我需要使用AWK解析CSV文件。在CSV一條線看起來是這樣的:正則表達式解析一個有趣的CSV?
"hello, world?",1 thousand,"oneword",,,"last one"
一些重要意見: 已場內引號字符串中可以包含逗號和多個單詞 -unquoted字段可以是多個世界 已場內可以通過只具有空連續兩個逗號
任何關於編寫正則表達式來正確拆分這條線的線索?
謝謝!
我需要使用AWK解析CSV文件。在CSV一條線看起來是這樣的:正則表達式解析一個有趣的CSV?
"hello, world?",1 thousand,"oneword",,,"last one"
一些重要意見: 已場內引號字符串中可以包含逗號和多個單詞 -unquoted字段可以是多個世界 已場內可以通過只具有空連續兩個逗號
任何關於編寫正則表達式來正確拆分這條線的線索?
謝謝!
正如許多人所觀察到的,CSV比第一次出現的格式要難一些。有許多邊緣案例和含糊之處。作爲一個例子,在你的例子中,歧義是',,,',一個逗號或兩個空白字段的字段?
Perl,python,Java等能夠更好地處理CSV,因爲它們具有相同的經過良好測試的庫。正則表達式會更脆弱。
有了AWK,我用THIS AWK函數取得了一些成功。它在AWK,gawk和nawk下工作。
#!/usr/bin/awk -f
#**************************************************************************
#
# This file is in the public domain.
#
# For more information email [email protected]
# Or see http://lorance.freeshell.org/csv/
#
# Parse a CSV string into an array.
# The number of fields found is returned.
# In the event of an error a negative value is returned and csverr is set to
# the error. See below for the error values.
#
# Parameters:
# string = The string to parse.
# csv = The array to parse the fields into.
# sep = The field separator character. Normally ,
# quote = The string quote character. Normally "
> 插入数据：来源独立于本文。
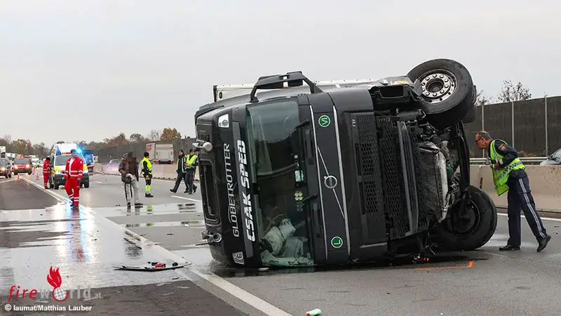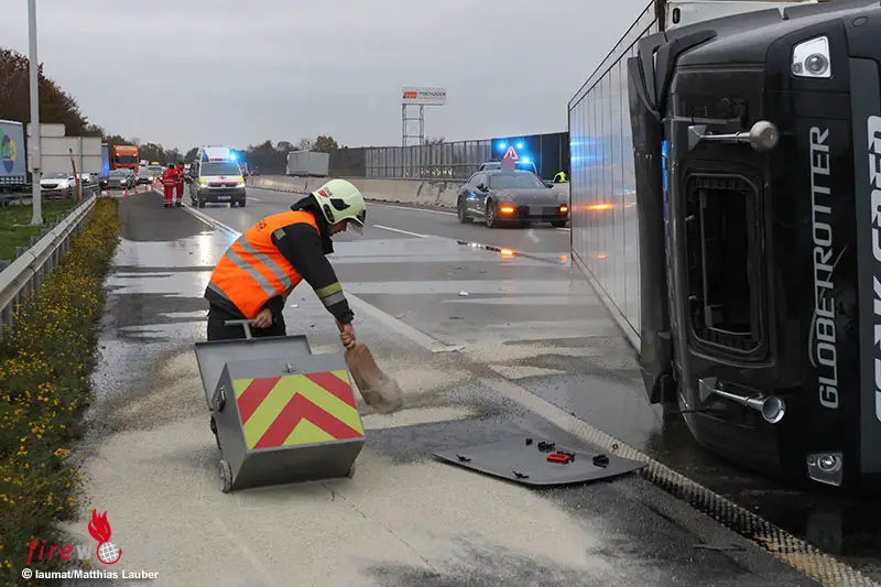 WELS (OÖ): Ein Lkw ist Montagnachmittag, 11. November 2024, bei einer Kollision mit einem Pkw auf der A25 Welser Autobahn in Wels-Puchberg ins Schleudern gekommen und dann umgestürzt.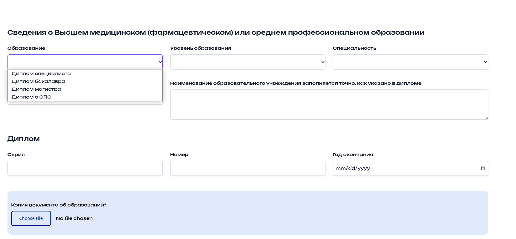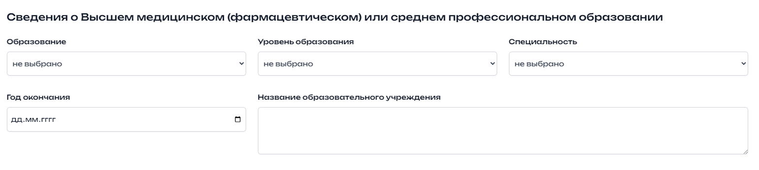 13. Изменение блока "Сведения о Высшем медицинском (фармацевтическом) или среднем профессиональном образовании" #13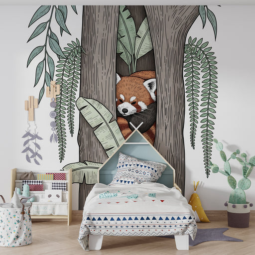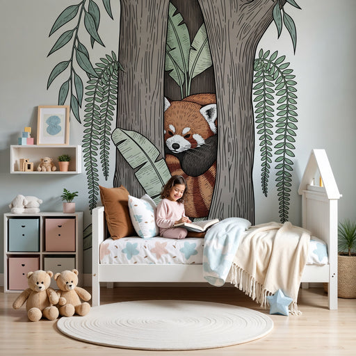 Εμφάνιση όλων των λεπτομερειώνΧαρτί τοίχου παιδικού δωματίου | Κοκκινό πάντα που κοιμάται στη ζούγκλα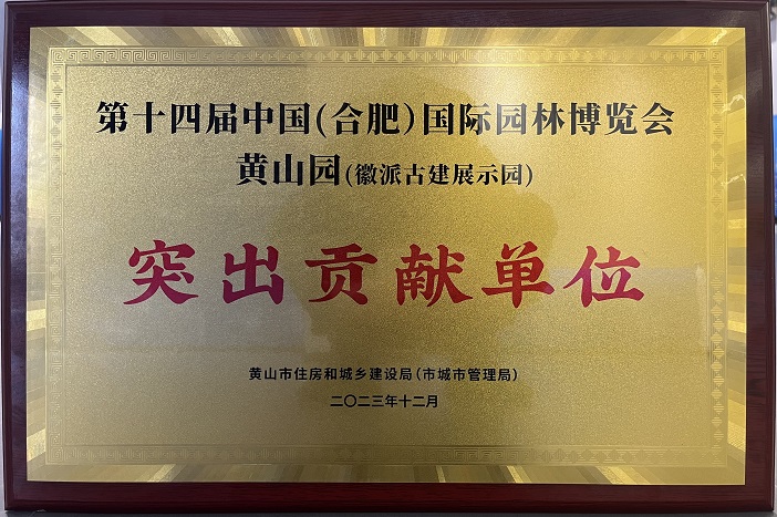 12月18日下午,中国(黄山)第三届徽派古建产业发展大会古建产业高质量发展推进会·新安茶会举行。推进会上颁发了第十四届中国(合肥)国际园林博览会黄山园(徽派古建展示园)“突出贡献单位”奖项,作为黄山园项目参建单位之一的华体会体育官方网站 - 华体会体育(中国) 再获殊荣。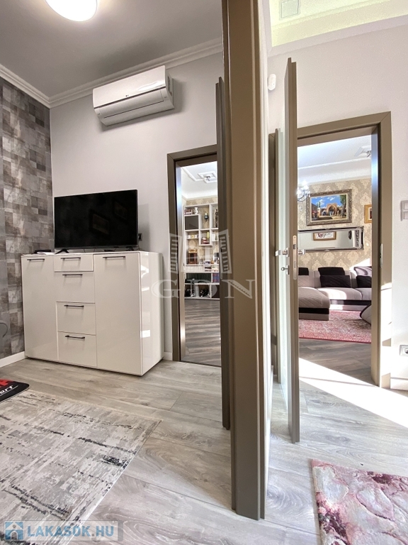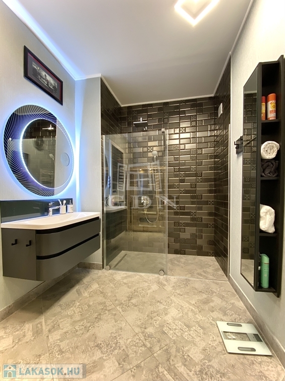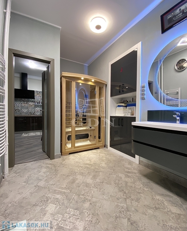 ✅ 80 m²-es utcafronti lakás – egyedüli bejárattal a lépcsőházból, erkéllyel, amerikai konyhás nappalival, két hálószobával, 9 m²-es luxus fürdővel (szauna és sétálós zuhany), két külön WC-vel és gardróbszobával. A prémium érzetet AEG gépekkel felszerelt egyedi konyha, klímaberendezés, elektromos redőnyök, rovarhálók és riasztórendszer biztosítja.
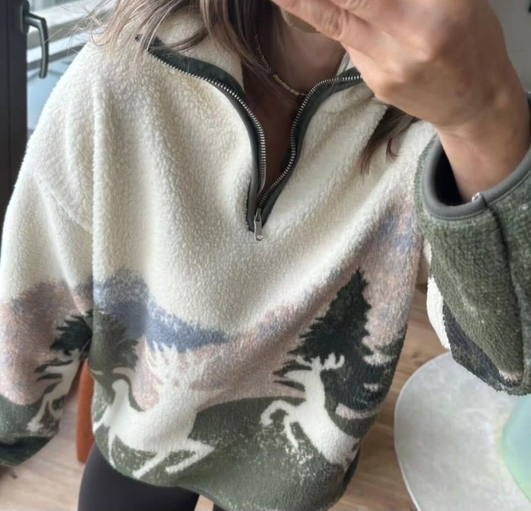 Half Zip Fleece Pullover With Forest Print - Image 1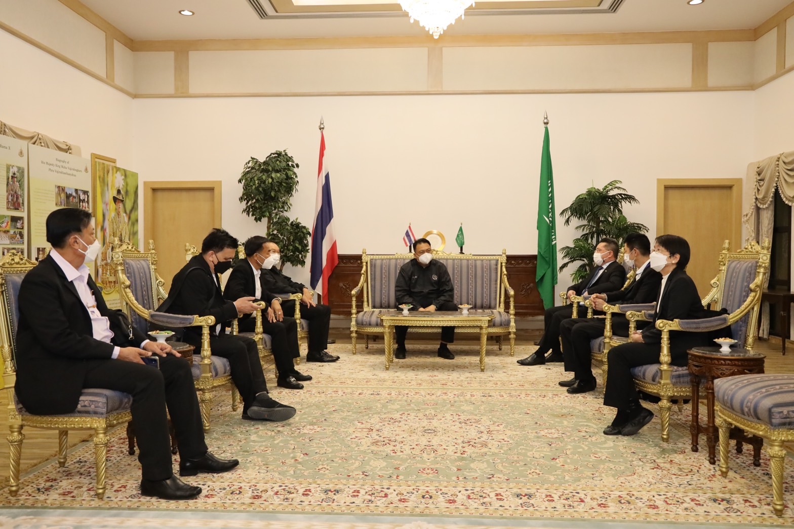 Mr. Suchart and the delegation met and encouraged the Thai Labour Office staff in Riyadh and discussed official matters with Mr. Sathon Kasemsan Na Ayudhya, Charge d’affaires to Riyadh. He thanked the charge d’affaires for taking care of the ambassadors, counselors, and staff of the Labour Department and providing advice and support to the operations of the Labour Department, which is an agency under the Ministry of Labour that is stationed in Riyad. They have also helped look after Thai workers in Saudi Arabia to have a proper life. In addition, he thanked the Ministry of Foreign Affairs for supporting the signing of this labour agreement. The effort aims to employ Thai workers following international labour obligations between the two countries. He asked for cooperation from the Saudi Arabian authorities to help monitor the fight against human trafficking, protect employers’ and workers’ rights, and enforce regulations for a fair employment contract, ensuring workers receive wages, benefits, and statutory entitlements.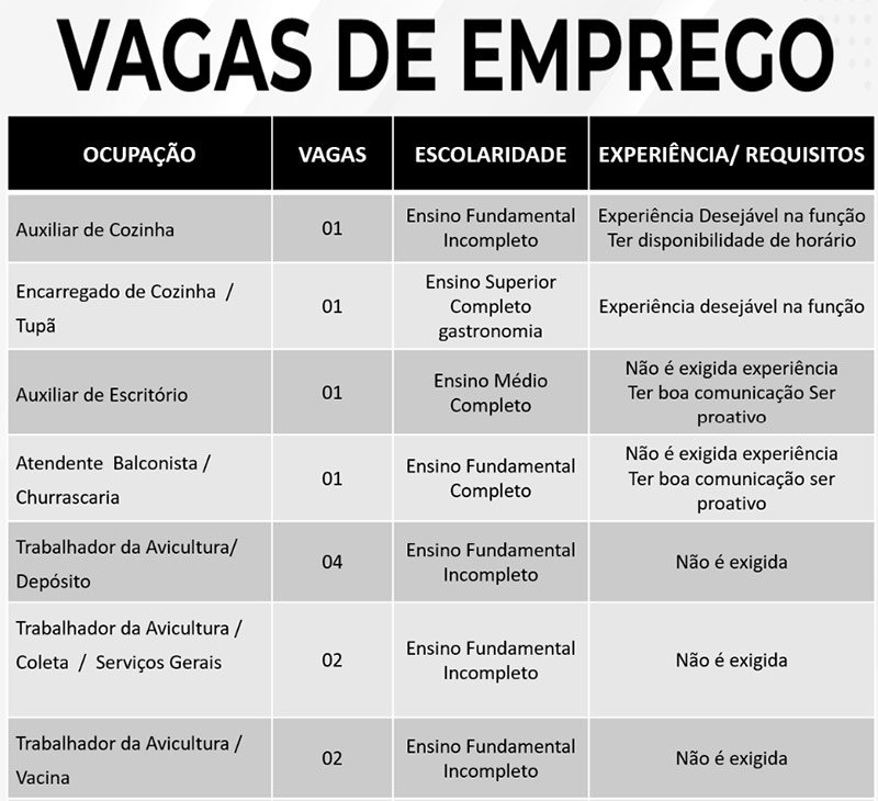 Das vagas disponíveis, 1 de auxiliar de escritório (ter boa comunicação/ser proativo), 1 de atendente balconista de churrascaria (ter boa comunicação), 4 de trabalhador da avicultura (depósito), 2 de trabalhador da avicultura (coleta e serviços gerais), 2 de trabalhador da avicultura (vacina), 1 de motorista entregador (CNH: AB), 1 de ajudante de montagem (estruturas metálicas) e 1 de operador de draga (CNH:AB/não ter medo de altura), não exigem experiência do candidato.

# escape = The quote escape character. Normally "
# newline = Handle embedded newlines. Provide either a newline or the
# string to use in place of a newline. If left empty embedded
# newlines cause an error.
# trim = When true spaces around the separator are removed.
# This affects parsing. Without this a space between the
# separator and quote result in the quote being ignored.
#
# These variables are private:
# fields = The number of fields found thus far.
# pos = Where to pull a field from the string.
# strtrim = True when a string is found so we know to remove the quotes.
#
# Error conditions:
# -1 = Unable to read the next line.
# -2 = Missing end quote.
# -3 = Missing separator.
#
# Notes:
# The code assumes that every field is preceded by a separator, even the
# first field. This makes the logic much simpler, but also requires a
# separator be prepended to the string before parsing.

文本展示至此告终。